- Born: May 5, 1979 (age 47) New York City, U.S.
- Education: Wharton School of the University of Pennsylvania (B.S.)
- Occupations: Businessman, media proprietor, investor
- Known for: Penske Media Corporation
- Spouse: Elaine Irwin ​ ​(m. 2012; div. 2024)​
- Children: 1
- Parent(s): Kathy Penske (mother) Roger Penske (father)
- Relatives: Gregory Penske (half-brother)
- Website: pmc.com/leadership/jay

= Jay Penske =

American businessman (born 1979)

Jay Penske (born May 5, 1979) is an American businessman best known for creating the media company Penske Media Corporation.

==Early life and education==
Born in New York City, Penske is the youngest son of Kathy, an English school teacher and Roger Penske, the founder and chairman of the Penske Corporation and former race car driver. Penske is an alumnus of St. Mary's Preparatory, in Detroit, Michigan, after having attended Cranbrook, Tabor Academy, and Lawrenceville.
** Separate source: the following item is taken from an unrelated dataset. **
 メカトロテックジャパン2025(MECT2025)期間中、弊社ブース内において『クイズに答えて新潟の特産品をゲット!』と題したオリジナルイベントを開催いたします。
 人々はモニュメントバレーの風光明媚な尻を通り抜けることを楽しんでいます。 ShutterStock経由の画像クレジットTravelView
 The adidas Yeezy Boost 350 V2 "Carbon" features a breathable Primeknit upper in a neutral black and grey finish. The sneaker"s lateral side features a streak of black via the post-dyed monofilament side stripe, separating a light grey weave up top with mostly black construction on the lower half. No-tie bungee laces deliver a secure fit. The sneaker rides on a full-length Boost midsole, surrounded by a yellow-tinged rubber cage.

Penske graduated from the University of Pennsylvania's Wharton School with a Bachelor of Science in Management of Information Systems and Finance. He is on the board of the Entrepreneurial School at the Wharton School as of 2007, and is also a member of the University of Pennsylvania Library's board of directors.

==Businesses and career==
===Early Career – Cell Phone for Kids and Rare Books===
Penske co-founded Firefly Mobile, Inc., a wireless company that developed the Firefly mobile phone for children, and other youth targeted mobile devices and products.

Penske also founded and owned Dragon Books, Ltd., a Los Angeles-based antiquarian and used bookstore which sold rare and collectible books which opened for business in 1999, and closed fifteen years later in 2014. It was named after Penske's favorite childhood book, “Dragon, Dragon,” written by John Gardner.
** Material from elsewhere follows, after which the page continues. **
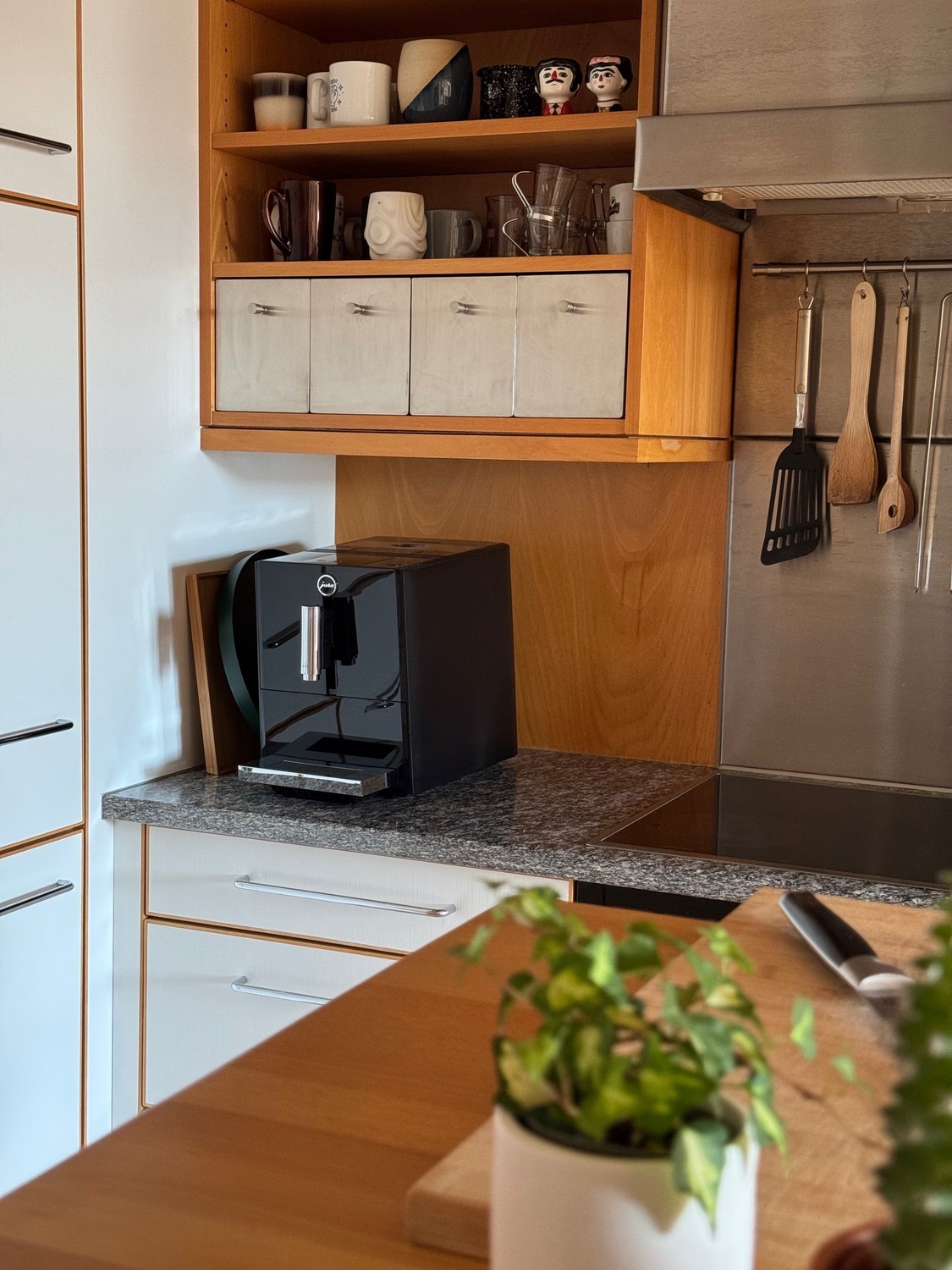 Küche mit Geschirrspüler, Steamer/Backofen, Backofen, grossem Kühlschrank mit kleinem Gefrierfach und Kaffeemaschinen-Vollautomat

===Career – Email, Media and Publishing===

Jay Penske with Barack Obama and Tony Blair

Penske is the chairman and CEO of Penske Media Corporation (PMC), a digital media and publishing company that owns and operates a number of media brands, data services, and live events, including Rolling Stone, Variety, Billboard, The Hollywood Reporter, Deadline, and South by Southwest festival (SXSW). Prior to being named Penske Media Corporation, it began as an affinity marketing and internet services company called Velocity Services, Inc. The company acquired the Mail.com domain which was renamed to the Mail.com Media Corporation (MMC).

Penske joined the board of Vox Media in 2023, after PMC became the largest shareholder of the company.
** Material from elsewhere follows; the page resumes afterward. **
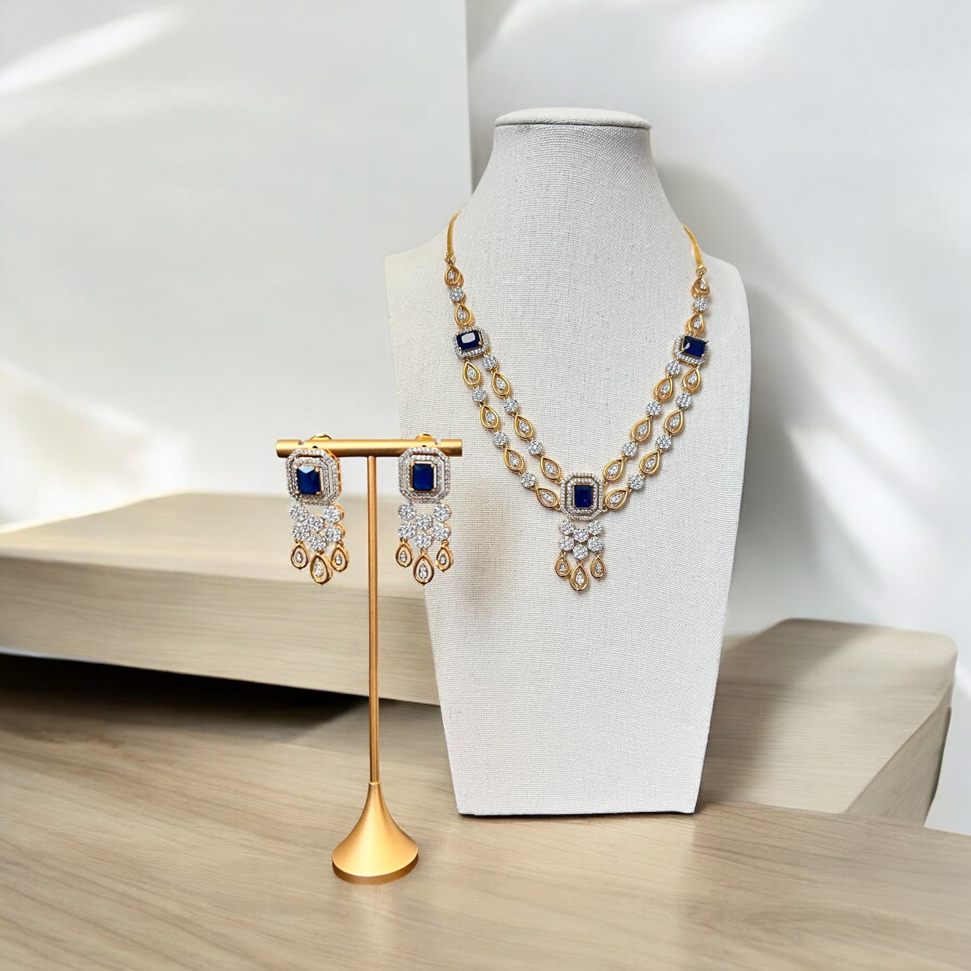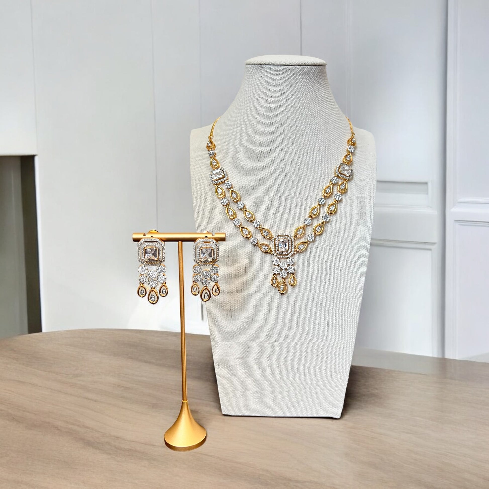 The Zayra Necklace Set is a breathtaking example of traditional craftsmanship with a modern twist. Featuring a double-layered contemporary style necklace with sparkling stones and intricate detailing, this set exudes luxury and sophistication. The accompanying earrings are equally stunning, and mirroring the intricate design of the necklace. Perfect for formal wear or events, this set adds a touch of timeless elegance to any ensemble.

Penske in 2023 was described by the Los Angeles Magazine on its cover to be “one of the most powerful publishers in the world”, and has been compared to William Randolph Hearst, S.I. Newhouse, and Rupert Murdoch for his acquisition and portfolio of media brands.

===Motorsports===

Jay Penske on Race Day in Portland

Penske founded an IndyCar Series racing team in 2007, jointly with Steve Luczo, the Chairman of Seagate Technology. In October 2013, Penske Autosport signed an agreement with Formula E Holdings to be the fourth franchise team to enter the new FIA Formula E Championship. The team was runner-up in the 2014-15 season with drivers Jérôme d'Ambrosio (who ranked fourth) and Loïc Duval. Penske Autosport has won the first ever Formula E races in the following countries: Germany, at the Berlin E-Prix (2015); Mexico, at the Mexico City E-Prix (2016); and India, at the Hyderabad E-Prix (2023), and the Jeddah ePrix in 2025

Shanghai E-Prix 2025

==Controversy==
Penske Media’s acquisition of the Golden Globe Awards as well as its ownership of Hollywood publications including The Hollywood Reporter, Variety and Deadline has been a source of controversy. In July 2026, Jay Penske and Penske Media were sued by the Hollywood Foreign Press Association (HFPA) which presented the Golden Globes prior to the acquisition by the Penske Media-owned Dick Clark Productions. The federal suit alleges violations of federal and state antitrust laws. It is alleged that this acquisition was done by Penske to influence awards season races. The HFPA is seeking $150 million in damages and the overturning of the agreement which transferred ownership of the Golden Globes to Penske Media.

==Personal life==
Penske married model Elaine Irwin in 2012. They separated in 2023 and divorced in 2024.